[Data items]
++++++++++++++++++++

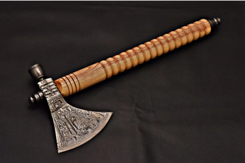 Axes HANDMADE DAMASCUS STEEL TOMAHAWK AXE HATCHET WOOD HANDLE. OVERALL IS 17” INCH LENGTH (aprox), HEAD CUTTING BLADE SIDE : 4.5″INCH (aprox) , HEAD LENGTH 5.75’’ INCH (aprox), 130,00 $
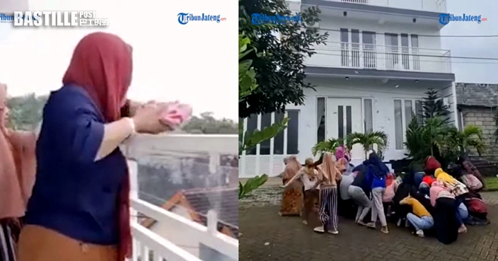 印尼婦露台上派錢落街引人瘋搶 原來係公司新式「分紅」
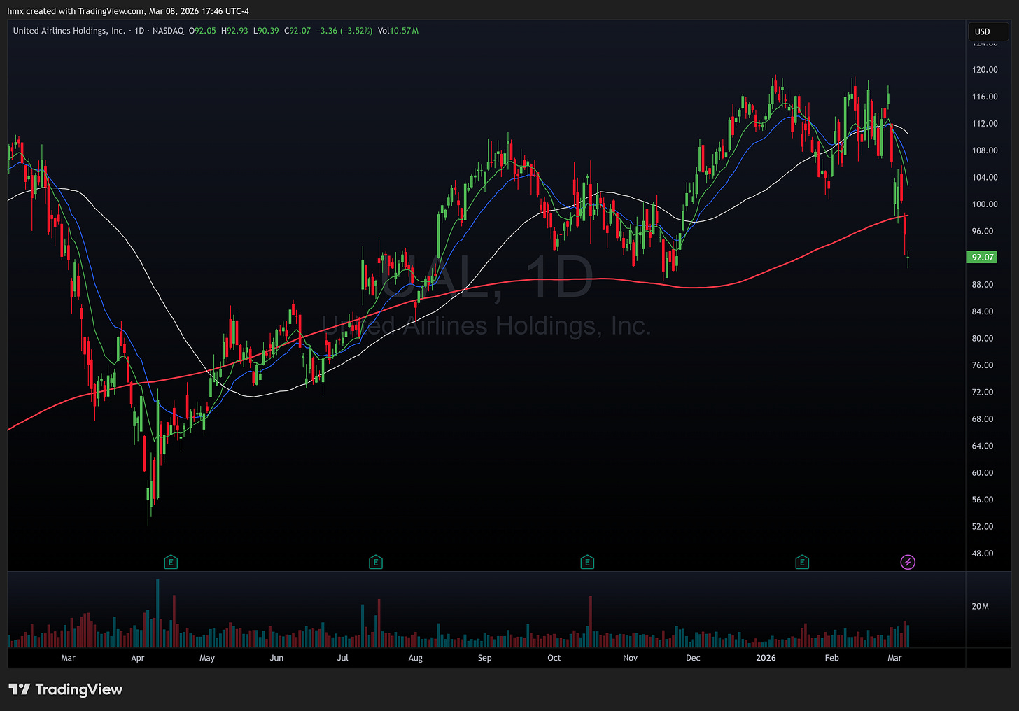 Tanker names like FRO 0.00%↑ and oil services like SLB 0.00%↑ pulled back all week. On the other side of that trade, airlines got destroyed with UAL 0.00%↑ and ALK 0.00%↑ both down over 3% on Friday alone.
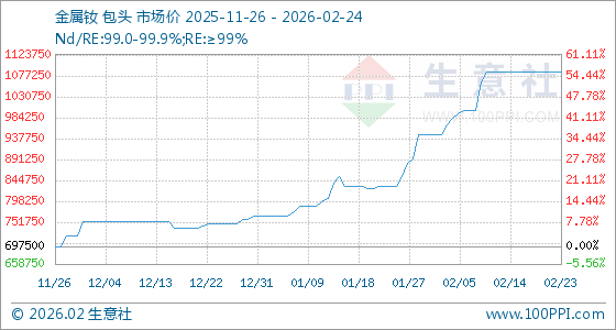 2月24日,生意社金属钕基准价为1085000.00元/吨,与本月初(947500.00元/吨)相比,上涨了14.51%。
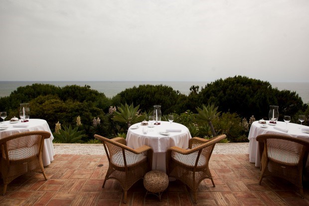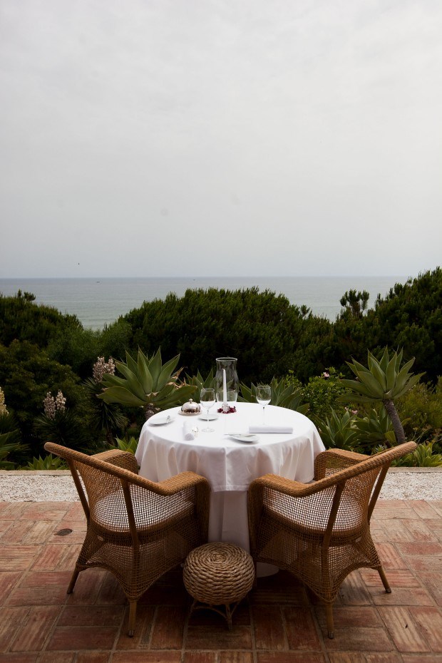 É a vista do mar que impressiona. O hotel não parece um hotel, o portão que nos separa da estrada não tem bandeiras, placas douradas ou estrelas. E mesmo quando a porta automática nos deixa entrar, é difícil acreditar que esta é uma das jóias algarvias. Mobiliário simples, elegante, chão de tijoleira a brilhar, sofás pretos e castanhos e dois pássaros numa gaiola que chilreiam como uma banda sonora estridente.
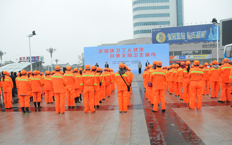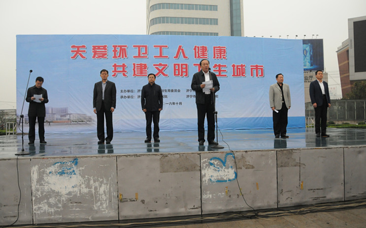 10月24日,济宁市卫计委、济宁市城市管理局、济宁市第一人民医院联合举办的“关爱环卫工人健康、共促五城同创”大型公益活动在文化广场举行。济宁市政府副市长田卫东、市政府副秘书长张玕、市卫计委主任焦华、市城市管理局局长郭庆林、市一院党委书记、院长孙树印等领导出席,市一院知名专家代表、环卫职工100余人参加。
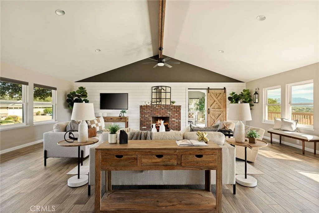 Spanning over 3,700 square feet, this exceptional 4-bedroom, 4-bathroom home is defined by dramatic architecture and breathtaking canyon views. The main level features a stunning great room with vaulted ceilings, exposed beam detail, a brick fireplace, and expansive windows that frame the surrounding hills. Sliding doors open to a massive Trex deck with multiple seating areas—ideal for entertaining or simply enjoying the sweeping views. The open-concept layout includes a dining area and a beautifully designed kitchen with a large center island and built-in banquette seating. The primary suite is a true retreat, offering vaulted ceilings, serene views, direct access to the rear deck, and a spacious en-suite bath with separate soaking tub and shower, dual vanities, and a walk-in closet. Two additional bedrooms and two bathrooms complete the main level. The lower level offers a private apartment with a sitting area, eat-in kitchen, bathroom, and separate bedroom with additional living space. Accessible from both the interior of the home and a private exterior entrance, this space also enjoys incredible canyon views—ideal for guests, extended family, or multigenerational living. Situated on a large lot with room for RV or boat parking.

++++++++++++++++++++

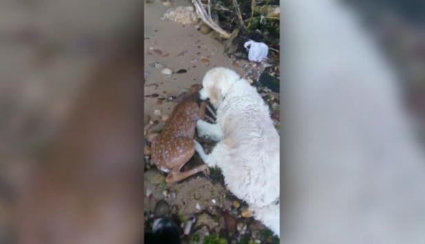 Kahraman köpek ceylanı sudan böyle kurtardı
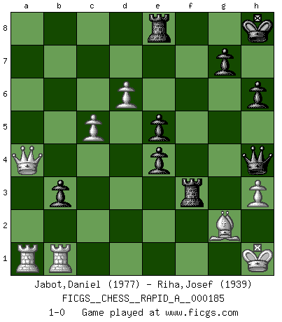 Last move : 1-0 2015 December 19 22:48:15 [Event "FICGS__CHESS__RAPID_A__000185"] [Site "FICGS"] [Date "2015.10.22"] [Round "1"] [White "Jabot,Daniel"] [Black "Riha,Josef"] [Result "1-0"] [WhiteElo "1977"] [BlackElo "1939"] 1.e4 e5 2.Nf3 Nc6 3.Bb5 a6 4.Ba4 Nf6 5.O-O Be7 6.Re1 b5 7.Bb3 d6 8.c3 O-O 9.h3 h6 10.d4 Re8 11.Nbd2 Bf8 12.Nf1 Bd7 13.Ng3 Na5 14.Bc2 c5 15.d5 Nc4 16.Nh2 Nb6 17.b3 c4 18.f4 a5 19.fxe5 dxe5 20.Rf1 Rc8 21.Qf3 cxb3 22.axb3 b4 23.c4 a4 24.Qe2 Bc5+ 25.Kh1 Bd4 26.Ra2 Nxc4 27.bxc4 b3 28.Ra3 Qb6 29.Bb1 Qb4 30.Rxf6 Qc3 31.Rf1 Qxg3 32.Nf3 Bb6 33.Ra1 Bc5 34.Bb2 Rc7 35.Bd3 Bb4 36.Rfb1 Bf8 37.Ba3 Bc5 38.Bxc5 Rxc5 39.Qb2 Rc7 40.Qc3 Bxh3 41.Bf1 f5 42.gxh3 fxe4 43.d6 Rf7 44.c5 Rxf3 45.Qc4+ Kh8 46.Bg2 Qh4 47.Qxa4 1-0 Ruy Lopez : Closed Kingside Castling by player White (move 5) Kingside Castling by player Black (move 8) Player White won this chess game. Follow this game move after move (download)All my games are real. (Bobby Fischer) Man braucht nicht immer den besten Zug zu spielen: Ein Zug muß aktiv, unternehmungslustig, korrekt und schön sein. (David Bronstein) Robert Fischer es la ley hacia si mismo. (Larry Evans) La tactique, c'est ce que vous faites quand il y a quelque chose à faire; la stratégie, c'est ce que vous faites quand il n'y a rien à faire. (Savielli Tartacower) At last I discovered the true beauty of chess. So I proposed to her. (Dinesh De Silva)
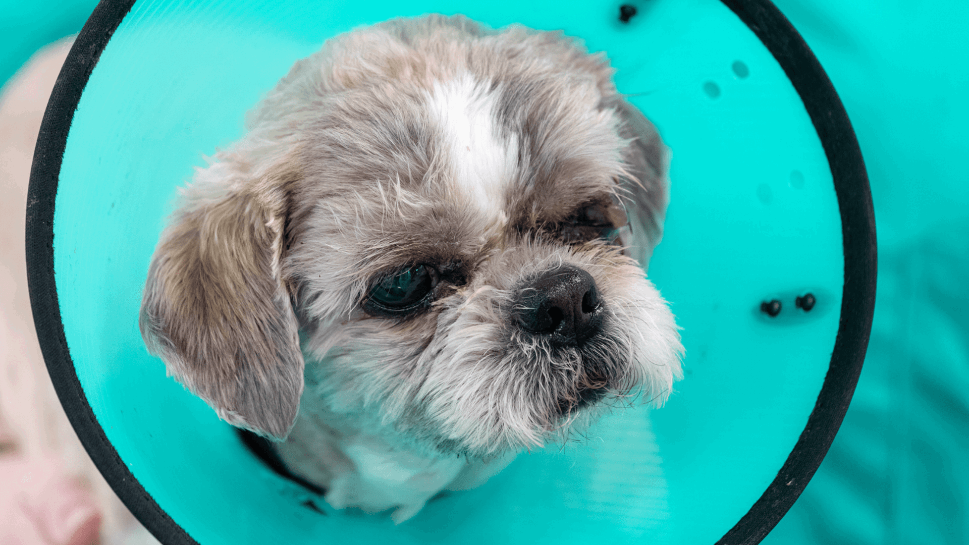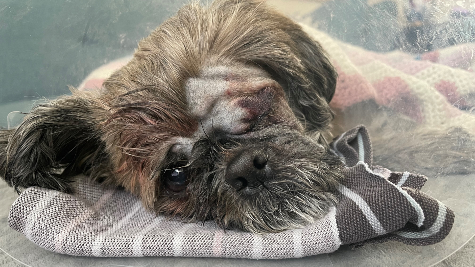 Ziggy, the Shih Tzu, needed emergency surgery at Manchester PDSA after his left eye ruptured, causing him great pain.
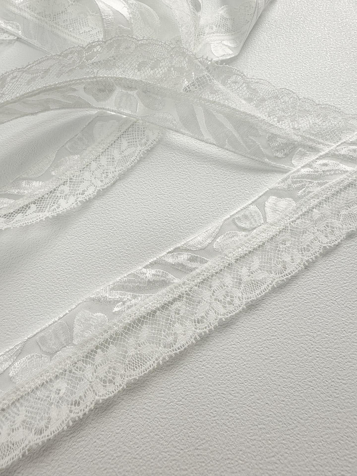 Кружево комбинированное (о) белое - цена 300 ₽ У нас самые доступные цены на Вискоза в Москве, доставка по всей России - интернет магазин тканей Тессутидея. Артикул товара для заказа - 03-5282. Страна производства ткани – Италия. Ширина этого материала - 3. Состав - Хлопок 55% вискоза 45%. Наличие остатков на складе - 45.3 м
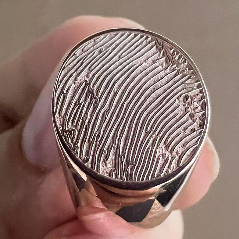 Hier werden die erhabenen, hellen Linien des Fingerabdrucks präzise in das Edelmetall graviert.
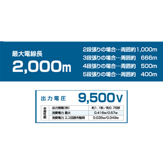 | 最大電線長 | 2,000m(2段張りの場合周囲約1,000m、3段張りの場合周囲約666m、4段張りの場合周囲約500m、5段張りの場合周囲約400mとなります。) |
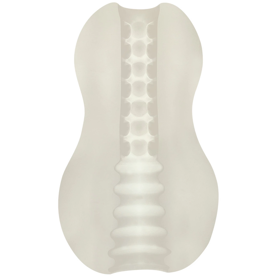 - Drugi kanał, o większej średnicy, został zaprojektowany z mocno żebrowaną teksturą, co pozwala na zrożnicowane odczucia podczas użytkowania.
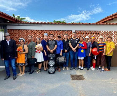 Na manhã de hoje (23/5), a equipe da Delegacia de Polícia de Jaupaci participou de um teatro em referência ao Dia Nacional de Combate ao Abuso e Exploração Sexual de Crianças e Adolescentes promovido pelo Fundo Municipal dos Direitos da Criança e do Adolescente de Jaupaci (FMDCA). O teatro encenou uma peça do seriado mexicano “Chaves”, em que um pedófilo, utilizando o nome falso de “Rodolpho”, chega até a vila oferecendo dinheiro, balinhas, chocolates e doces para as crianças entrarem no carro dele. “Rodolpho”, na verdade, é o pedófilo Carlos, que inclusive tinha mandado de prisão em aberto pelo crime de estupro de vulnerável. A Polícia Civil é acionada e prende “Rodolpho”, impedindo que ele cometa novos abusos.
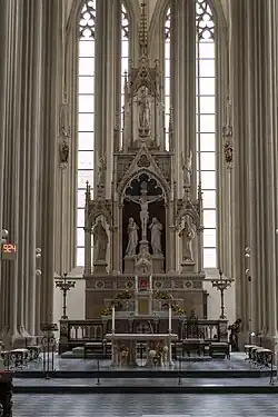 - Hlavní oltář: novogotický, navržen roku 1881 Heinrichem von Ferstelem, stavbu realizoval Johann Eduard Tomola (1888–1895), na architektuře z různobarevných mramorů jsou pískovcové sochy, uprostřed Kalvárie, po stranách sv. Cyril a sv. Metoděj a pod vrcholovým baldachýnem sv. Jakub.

++++++++++++++++++++

▶ _Work order_
For the entries above, print exactly the lines between the one with "Axes HANDMADE DAMASCUS" and the one with "印尼婦露台上派錢落街引人瘋搶 原來係公司新式「分紅」", inclusive, with no pictures.

▶ _Answer for this exercise_
 Axes HANDMADE DAMASCUS STEEL TOMAHAWK AXE HATCHET WOOD HANDLE. OVERALL IS 17” INCH LENGTH (aprox), HEAD CUTTING BLADE SIDE : 4.5″INCH (aprox) , HEAD LENGTH 5.75’’ INCH (aprox), 130,00 $
 印尼婦露台上派錢落街引人瘋搶 原來係公司新式「分紅」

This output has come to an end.